Would Billy Beane like EdgePoint? – 1st quarter, 2018
“People are always blaming their circumstances for what they are. I don't believe in circumstances. The people who get on in this world are the people who get up and look for the circumstances they want, and if they can't find them, make them.”
─ George Bernard Shaw, Mrs. Warren's Profession
I recently watched the movie Moneyball with my son. The reason I wanted him to see it had nothing to do with baseball and everything to do with great life lessons. At the heart of the story is Billy Beane, general manager of the Oakland A’s – a small-market team with a limited budget that has just lost three star players to free agency and needs to overcome significant obstacles to build a winning franchise. To accomplish this goal, Beane realizes he needs to do something unconventional. He hires a young Yale economics graduate, Paul DePodesta, who evaluates players using statistical measures that hadn’t traditionally mattered to baseball scouts and managers. Beane goes all in on this new approach and as the season progresses faces reproach from his scouts, on-field manager and the media. It’s obvious doubt creeps in for both Beane and DePodesta at times and the movie exudes all the tension and anxiety swirling around Beane as he’s left to dangle in the wind.
Beane sticks with his revolutionary approach and in the second half of the 2002 season achieves success with an American League record 20-game winning streak and a first place division finish. Because Beane upsets baseball’s establishment by breaking with tradition, he’s not given credit for the success. The media instead focuses on the field manager, Art Howe, and individual player effort.
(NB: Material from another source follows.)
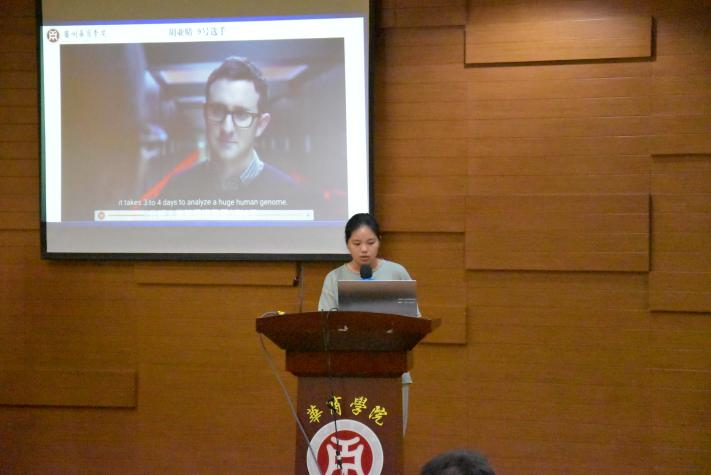 为了让大学生了解新质生产力的内涵、发展及影响力,用英语讲好中国发展新质生产力的故事,自2024年4月以来,304AM永利集团国际学院联合国际交流与合作处举办“聚焦新质生产力,助力高质量发展”第二届英语配音大赛,经选手准备配音视频、初赛遴选,2024年5月28日,决赛在广州校区图书馆学术报告厅举行。国际交流与合作处处长王文忠、国际学院院长回雁雁、外国语学院副院长杜秀君、国际学院直属党支部书记杨李军、加纳籍教师Frank Larbi博士、巴基斯坦籍教师Aneela Qadir博士以及来自国际学院、外国语学院、文学院、健康医学院、管理学院、人工智能学院、经济贸易学院、教师教育学院的120多位大学生现场观摩了决赛。

The movie includes many important life lessons (as does the book, Moneyball: The Art Of Winning An Unfair Game) but to me the core message is to live your life fully and without regret by adapting to what it gives you and creating your own circumstances. This is something I try to instill in my children every day.
While compromise is often critical in life, there are times when being uncompromising is integral to long-term success. Our approach to investing is uncompromising. Our belief in it stems from the many years it has achieved superior investment returns. We’ve no doubt there will be times when it doesn’t work as well as other investment approaches. Achieving superior investment returns every day, month, quarter or year is an unattainable goal so probably not worth chasing. What’s more easily attainable is having an investment process that we’re confident in, apply every day and that we believe will lead to superior investment results over a ten-year period.
There’s great synchronicity in the way Beane builds a baseball team and how we manage your money. Our approach leads to our investment results and whether the stock market is going up, down or sideways, it’s what we believe will lead to superior long-term investment results. The investment process is all that matters to your investment with EdgePoint. Let’s look at some examples of the commonalities.
The opportunity in others’ biased judgements. Or, you look funny – I like the other person better!
We search the world for the best 30 to 35 investments out of a pool of over 50,000* publicly traded companies globally for your EdgePoint Portfolios. Meaning only a select few will ever make it in. We have strict criteria for these businesses. They must be well-managed, have a durable competitive advantage and be available at a reasonable valuation relative to their true economic profit or free cash flow, today and in the future.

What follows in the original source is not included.